On the morning of July 2, 1816, the French frigate Medusa, enroute to Senegal, hit a reef off the coast of Africa. The result was one of the great nautical disasters of the century; a 19th century version of the Titanic, without the iceberg. With a crew of 166 officers and men, 171 soldiers and 66 passengers, the Medusa carried more than 400 souls. As the overloaded frigate remained grounded, chaos erupted on board as the soldiers and sailors, ignoring the passengers, fought for places in the lifeboats. Eventually the boats were launched but 147 people were left on board to fend for themselves. They fashioned a raft and drifted for two weeks until the handful still alive were rescued

Jonathan Miles weaves three stories together in this tale of woe. The first, as already described, was the sinking of the Medusa and the fate of those who survived the wreck, which led to a dramatic painting by Theodore Gericault. At the same time Miles is describing the short, sad life of Gericault, the Romantic artist who died at 32. As with many famous artists, Gericault died before his greatness as a painter was fully appreciated. Equally important to the book was the French political situation in 1816. Following Napoleon’s defeat at Waterloo, ultra conservative forces restored Louis XVIII to the throne. After 25 years of war the mood in France was grim. According to an English visitor Paris was “a vast mourning family. Three people out of five one meets are habited in black”.

It was in this atmosphere that the Medusa disaster occurred. The captain of the ship was Hugues Duroy de Chaumareys, a royalist appointee who had not been to sea for 20 years. The ship had inadequate charts as she set sail for Senegal in a vain attempt to regain a piece of France’s lost glory. In addition to soldiers and sailors, the passengers included explorers, engineers, scientists, teachers, carpenters and tradesmen. According to Miles, “The clamor of contradictory voices on board the Medusa echoed the discord that resounded throughout France, where divisiveness, selfishness and suspicion were the upshot of thirty years of ideological struggle. If passions ran high at home, emotions intensified in the creaking confines of an overloaded frigate only 154 feet long.”

There have been many disasters at sea, but Miles has written a gripping account of one of the worst. When the 147 people were deserted on the raft, they descended into a Darwinian struggle for survival, which included mutiny, shark attacks and cannibalism. After 14 days only 15 people were left alive. When the news broke back in France, it was particularly embarrassing to the royalist government and an attempt was made to suppress the sordid details, including the actions of the incompetent Captain Chaumareys, and a critical account written by a survivor, Alexandre Correard.

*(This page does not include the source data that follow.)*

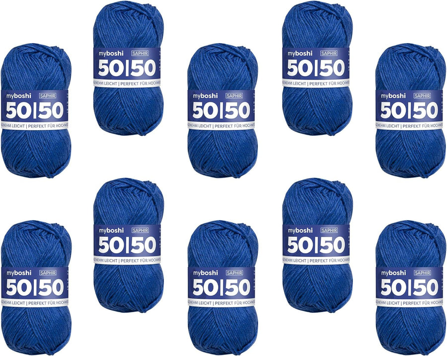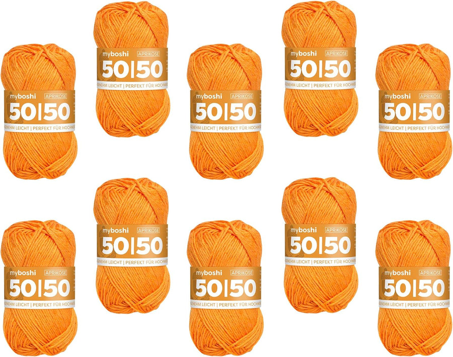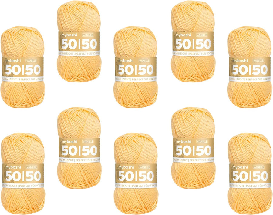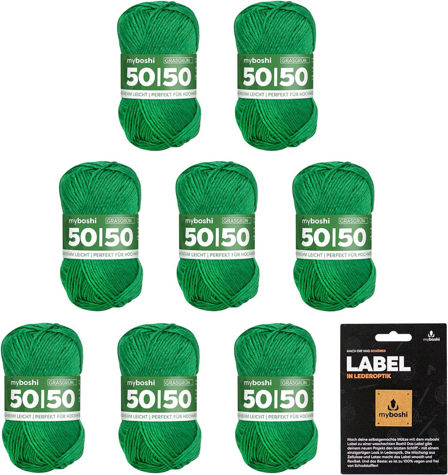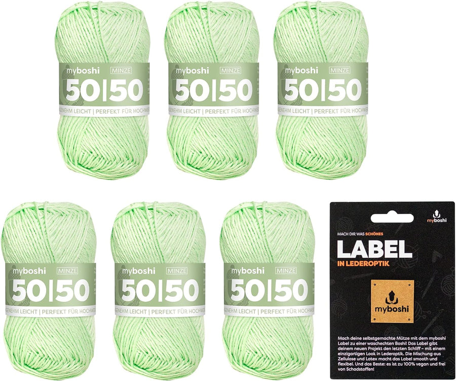 myboshi 50/50 Wolle, Baumwoll-Merino-Mix, hochwertiges Häkelgarn, Strickgarn, inkl. Label, 50% Baumw
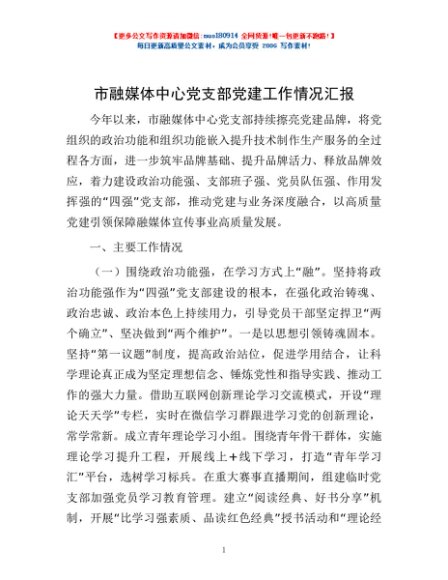 市融媒体中心党支部党建工作情况汇报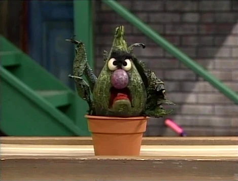 SCENE 5 | Stinky, inspired by the previous segment, decides to get a toothbrush for Benny. But how can a plant get a toothbrush if plants don't walk? "I wish I was a creeper," he groans after trying to hop to Hooper's Store. |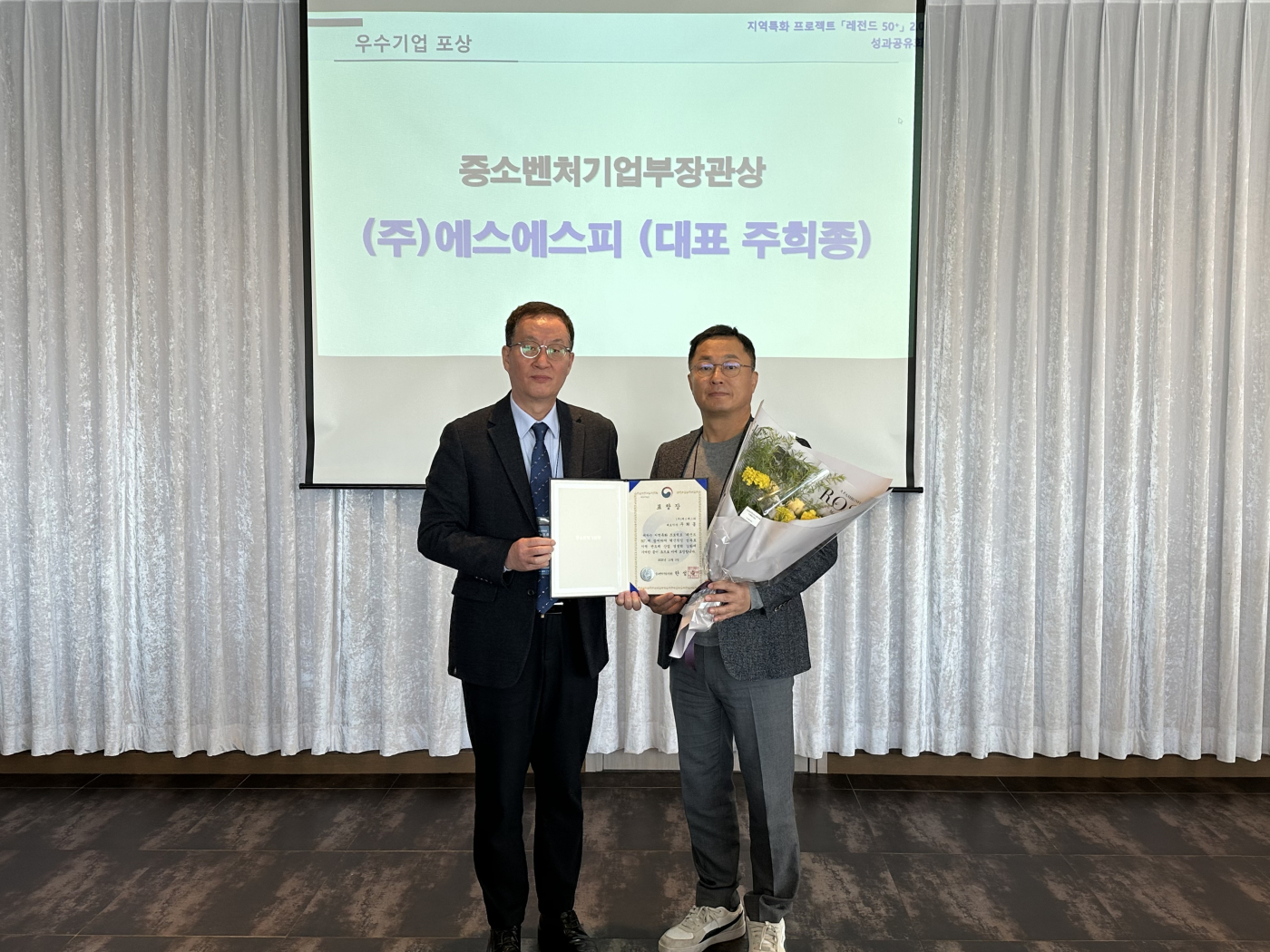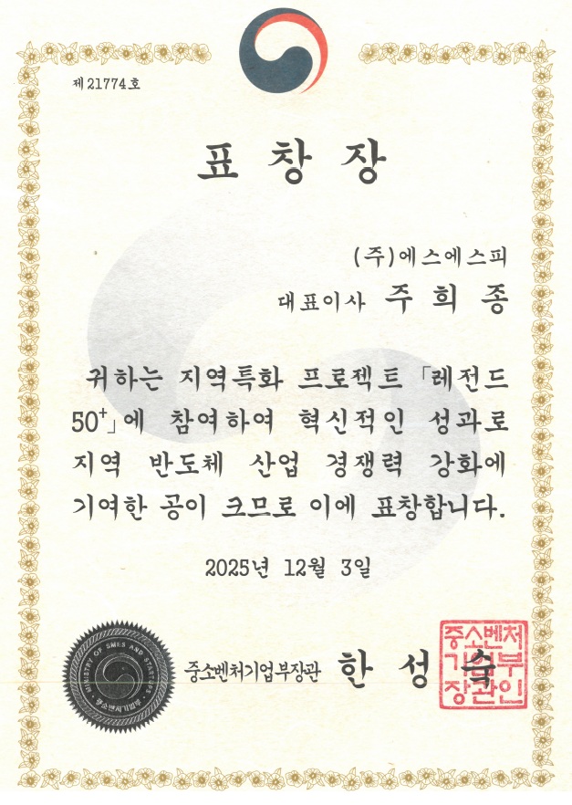 (주)에스에스피 대표 주희종님이 레전드50+ 사업을 통해 지역 반도체 산업 경쟁력 강화에 기여한 공로로 중소벤처기업부장관 표창을 수상했습니다. 이번 표창은 레전드50+ 참여를 통한 혁신적 성과를 인정받은 결과입니다. 당사는 이번 수상을 계기로 지역 산업 발전과 기술 혁신에 더욱 매진하겠습니다.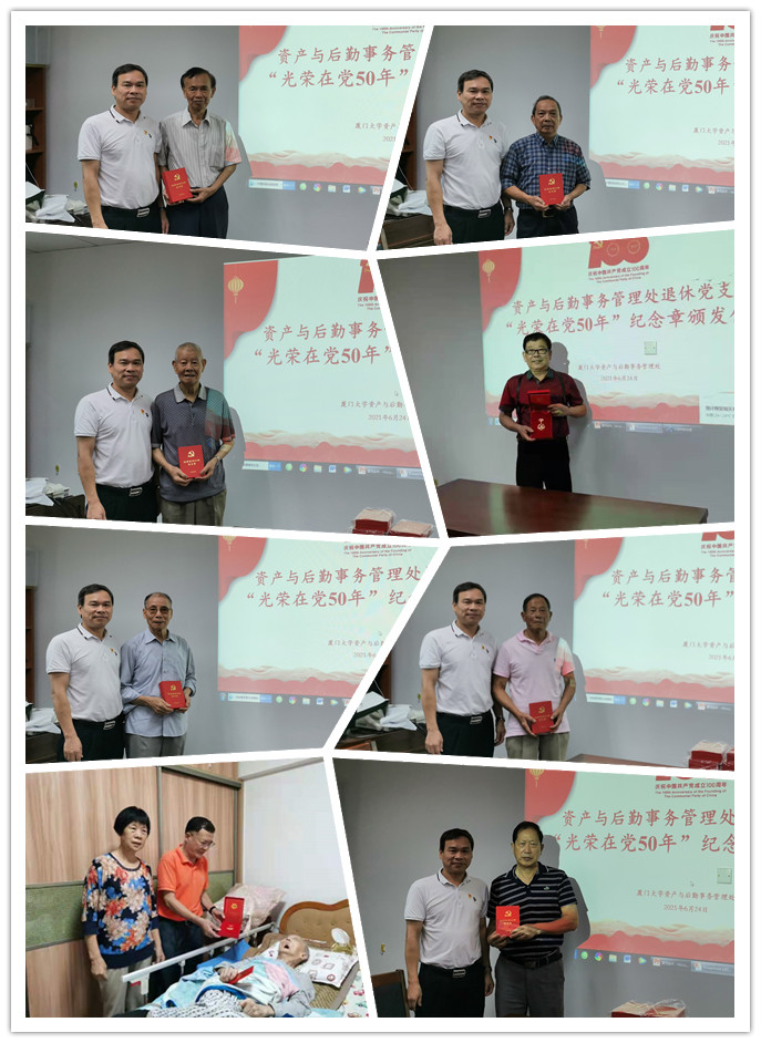 50年党龄,50载光荣。6月24日上午,资产与后勤事务管理处退休第一、第二党支部在颂恩楼615室举行“光荣在党50年”纪念章颁发仪式,共有13名老党员获此殊荣。

Theodore Gericault was in the midst of a torrid affair with his young aunt, when he read Correard’s book. Isolated by his family when she became pregnant, Gericault poured his energies into painting “The Raft of the Medusa,” which he exhibited at the 1819 Salon. The painting was controversial from the moment it was displayed. The theme was obvious; those marooned on a raft being abandoned by their leaders. Gericault’s technique was as revolutionary as it was dramatic, with the viewer brought right up to the foot of the huge canvas. Suffice it to say, official reaction was not favorable. As the king put it, “Sir, you have made a shipwreck.”

Gericault did not live to see his painting achieve greatness; he died of tuberculosis in 1824. All was not lost, however. Miles reminds us that “the burial process may have been slow, but the Medusa scandal played its part in disparaging the procedures of the ancient regime and toppling the ultra faction.” Today “The Raft of the Medusa” hangs in the Louvre, where it remains one of the museum’s major attractions.